THE PROBLEM:
What you return must be the exact lines of the material below, from the first through the one that has "一场突如其来的新冠肺炎疫情为", with no pictures and, please, nothing else.

EXERCISE DATA:
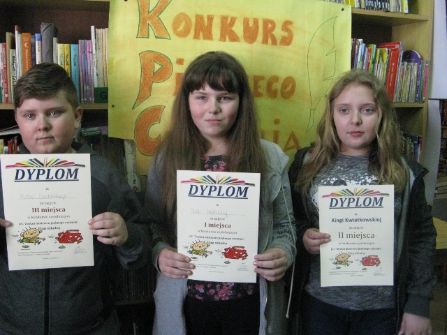 Naszą szkołę reprezentowali: Julia Chojnacka, Kinga Joanna Kwiatkowska i Piotr Grudziński, którzy wygrali eliminacje klasowe i szkolne.
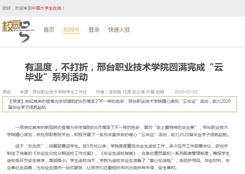 一场突如其来的新冠肺炎疫情为依依惜别的6月增添了不一样的色彩,面对“史上最特殊的毕业季”,邢台职业技术学院精心谋划,依托邢职易班平台,积极开展了一系列丰富多彩的暖心“云毕业”活动,助力2020届毕业学子扬帆起航。
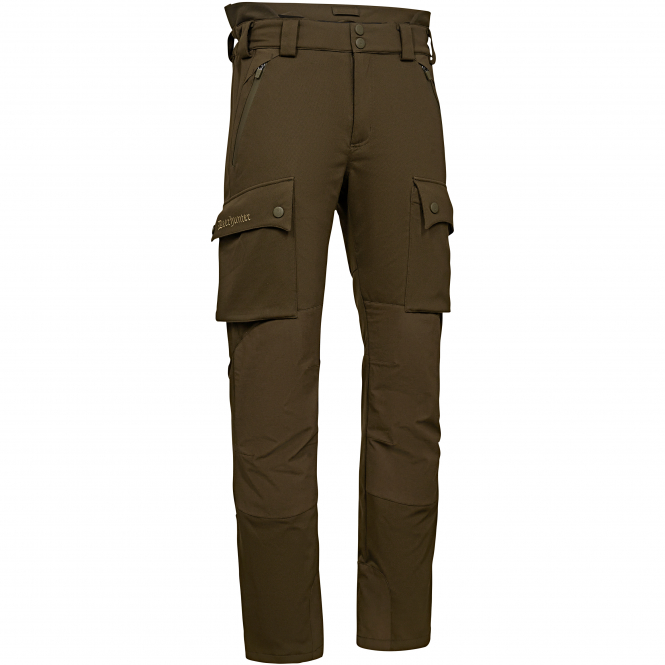 Die Muflon Pro Hose von Deerhunter ist für höchste Ansprüche bei Outdoor-Aktivitäten und der Jagd konzipiert. Sie bietet eine Vielzahl durchdachter Details, die Komfort, Schutz und Funktionalität miteinander verbinden. Die Hose verfügt über eine verstellbare Taille mit seitlichem Gummizug und einer erhöhten Rückenpartie für optimalen Sitz. Abnehmbare Hosenträger und ein Silikonband in der Taille sorgen dafür, dass die Hose auch bei Bewegung sicher an Ort und Stelle bleibt. Mit zwei Vordertaschen, die mit wasserdichten Reißverschlüssen ausgestattet sind, sowie zwei geräumigen Oberschenkeltaschen mit Patte bietet die Muflon Pro Hose viel Platz für Ausrüstung. Eine versteckte Messertasche an der linken Oberschenkeltasche ermöglicht einen schnellen Zugriff auf wichtige Werkzeuge. Belüftungsschlitze an den Beinen sorgen für ein angenehmes Klima, während vorgeformte Knie und verstärkte Bereiche an Knie und Unterschenkel die Haltbarkeit erhöhen. Die verdeckten Reißverschlüsse und Druckknöpfe am Unterschenkel sowie das wasserdichte Futter an den Unterschenkeln bieten zusätzlichen Schutz bei widrigen Bedingungen.

TASK SOLUTION:
 Naszą szkołę reprezentowali: Julia Chojnacka, Kinga Joanna Kwiatkowska i Piotr Grudziński, którzy wygrali eliminacje klasowe i szkolne.
 一场突如其来的新冠肺炎疫情为依依惜别的6月增添了不一样的色彩,面对“史上最特殊的毕业季”,邢台职业技术学院精心谋划,依托邢职易班平台,积极开展了一系列丰富多彩的暖心“云毕业”活动,助力2020届毕业学子扬帆起航。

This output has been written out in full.